Can the system be audited by a coder post-generation, with the encounter audio available for reference?

The last question is particularly important. If a coder reviewing an AI-generated note disagrees with a code assignment, they need to be able to reference the encounter recording to determine whether the physician said something that supports a more specific code. A system that doesn't provide that audit trail makes post-generation review difficult and creates compliance exposure.

The Coding-Documentation Feedback Loop

One underappreciated aspect of AI-assisted coding is the potential for a feedback loop between documentation quality and coding accuracy. When an AI system flags that it couldn't identify complication status for a diabetes diagnosis because the physician didn't explicitly address it in the encounter, that flag becomes a prompt for the physician to add the information during review. Over time, this kind of feedback can improve the quality of the underlying clinical encounters — not because physicians are documenting differently to satisfy the AI, but because the AI surfaces the gaps between clinical knowledge and documented record.

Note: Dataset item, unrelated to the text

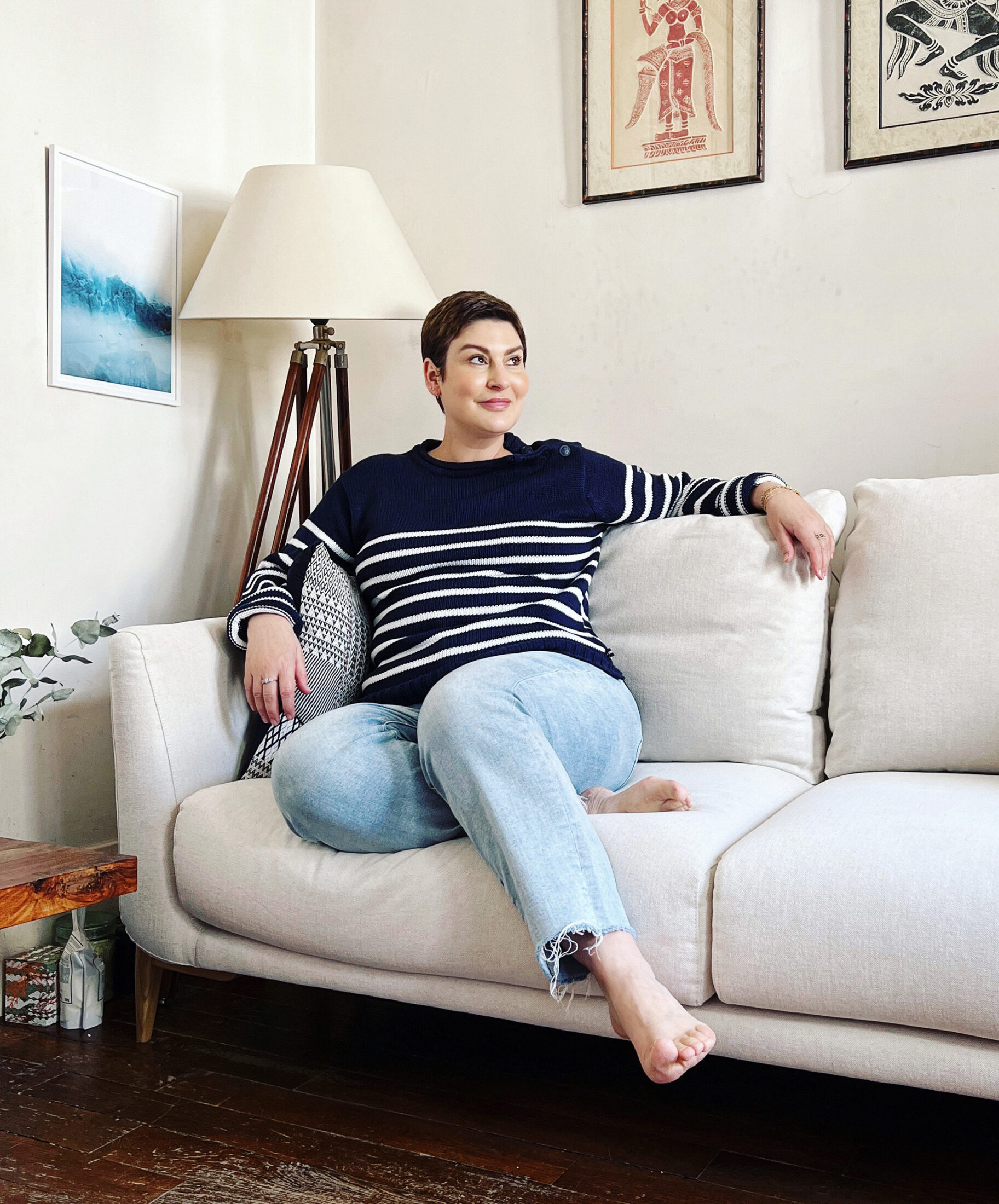 C’est marrant parce que je suis militaire et je porte du bleu marine tout les jours. Alors autant te dire que pour moi c’est no way ! Impossible d’en porter à la maison ! Même si, je l’avoue c’est une couleur assez chic sur un jean par exemple ! En tout cas la marinière te va très bien (et ne fait pas du tout coincée !)!

This is a meaningful difference from traditional coding workflows, where a coder queries the physician weeks after the encounter when specificity questions arise. Closing that loop at review time — while the encounter is still fresh and the physician is actively engaged with the note — produces better documentation and reduces the query backlog that burdens both coders and physicians in high-volume practices.

The Honest Assessment

ICD-10 specificity is an area where ambient AI tools vary significantly in their current performance, and where the gap between marketing claims and measurable performance is widest. "AI-generated ICD-10 codes" means very different things depending on whether the system was purpose-trained on clinical coding conventions or whether it generates codes as a byproduct of general clinical NLU.

Practices evaluating tools in this category should run their own assessments on a representative sample of their encounter types — particularly chronic disease management encounters and any encounter types where their revenue cycle team currently sees high query volumes. The delta between AI-generated codes and coder-reviewed codes on that sample will tell you more about real-world performance than any benchmark the vendor provides.